Segmentation fault in std::less<char>

Question

I have the following code (C++0x):

const set<char> s_special_characters =  { '(', ')', '{', '}', ':' };

void nectar_loader::tokenize( string &line, const set<char> &special_characters )
{
    auto it = line.begin();
    const auto not_found = special_characters.end();

    // first character special case
    if( it != line.end() && special_characters.find( *it ) != not_found )
        it = line.insert( it+1, ' ' ) + 1;

    while( it != line.end() )
    {
        // check if we're dealing with a special character
        if( special_characters.find(*it) != not_found ) // <----------
        {
            // ensure a space before
            if( *(it-1) != ' ' )
                it = line.insert( it, ' ' ) + 1;
            // ensure a space after
            if( (it+1) != line.end() && *(it+1) != ' ' )
                it = line.insert( it+1, ' ');
            else
                line.append(" ");
        }
        ++it;
    }
}

with the crash pointing at the indicated line.
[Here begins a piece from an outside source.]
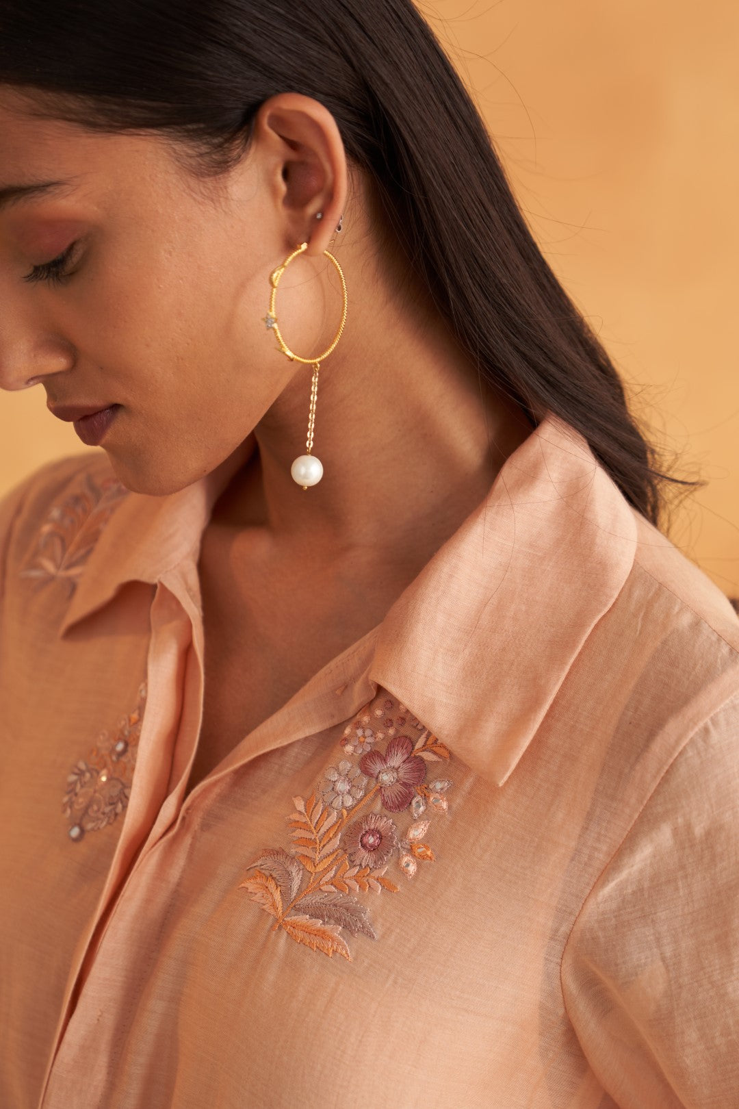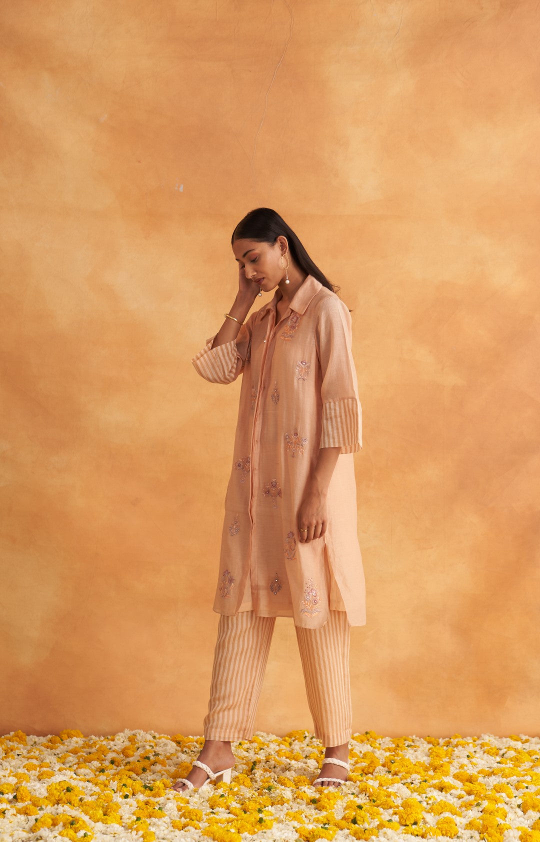 Full casual chanderi Co-ord set comprises of a collared embroidered Enclosed jacket paired with a crape slip and a striped unadorned bottom. The lightness of the fabric and the comfortable fit of the ensemble makes it the perfect sheek outfit for daily wear.

This results in a segfault with this gdb backtrace:

#0  0x000000000040f043 in std::less<char>::operator() (this=0x622a40, __x=@0x623610, __y=@0x644000)
    at /usr/lib/gcc/x86_64-unknown-linux-gnu/4.5.2/../../../../include/c++/4.5.2/bits/stl_function.h:230
#1  0x000000000040efa6 in std::_Rb_tree<char, char, std::_Identity<char>, std::less<char>, std::allocator<char> >::_M_lower_bound (this=0x622a40, __x=0x6235f0, __y=0x622a48, __k=@0x644000)
    at /usr/lib/gcc/x86_64-unknown-linux-gnu/4.5.2/../../../../include/c++/4.5.2/bits/stl_tree.h:1020
#2  0x000000000040e840 in std::_Rb_tree<char, char, std::_Identity<char>, std::less<char>, std::allocator<char> >::find (this=0x622a40, __k=@0x644000)
    at /usr/lib/gcc/x86_64-unknown-linux-gnu/4.5.2/../../../../include/c++/4.5.2/bits/stl_tree.h:1532
#3  0x000000000040e4fd in std::set<char, std::less<char>, std::allocator<char> >::find (this=0x622a40, __x=@0x644000)
    at /usr/lib/gcc/x86_64-unknown-linux-gnu/4.5.2/../../../../include/c++/4.5.2/bits/stl_set.h:589
#4  0x000000000040de51 in ambrosia::nectar_loader::tokenize (this=0x7fffffffe3b0, line=..., special_characters=...)
    at ../../ambrosia/Library/Source/Ambrosia/nectar_loader.cpp:146
#5  0x000000000040dbf5 in ambrosia::nectar_loader::fetch_line (this=0x7fffffffe3b0)
    at ../../ambrosia/Library/Source/Ambrosia/nectar_loader.cpp:112
#6  0x000000000040dd11 in ambrosia::nectar_loader::fetch_token (this=0x7fffffffe3b0, token=...)
    at ../../ambrosia/Library/Source/Ambrosia/nectar_loader.cpp:121
#7  0x000000000040d9c4 in ambrosia::nectar_loader::next_token (this=0x7fffffffe3b0)
    at ../../ambrosia/Library/Source/Ambrosia/nectar_loader.cpp:72
#8  0x000000000040e472 in ambrosia::nectar_loader::extract_nectar<std::back_insert_iterator<std::vector<ambrosia::target> > > (this=0x7fffffffe3b0, it=...)
    at ../../ambrosia/Library/Source/Ambrosia/nectar_loader.cpp:43
#9  0x000000000040d46d in ambrosia::drink_nectar<std::back_insert_iterator<std::vector<ambrosia::target> > > (filename=..., it=...)
    at ../../ambrosia/Library/Source/Ambrosia/nectar.cpp:75
#10 0x00000000004072ae in ambrosia::reader::event (this=0x623770)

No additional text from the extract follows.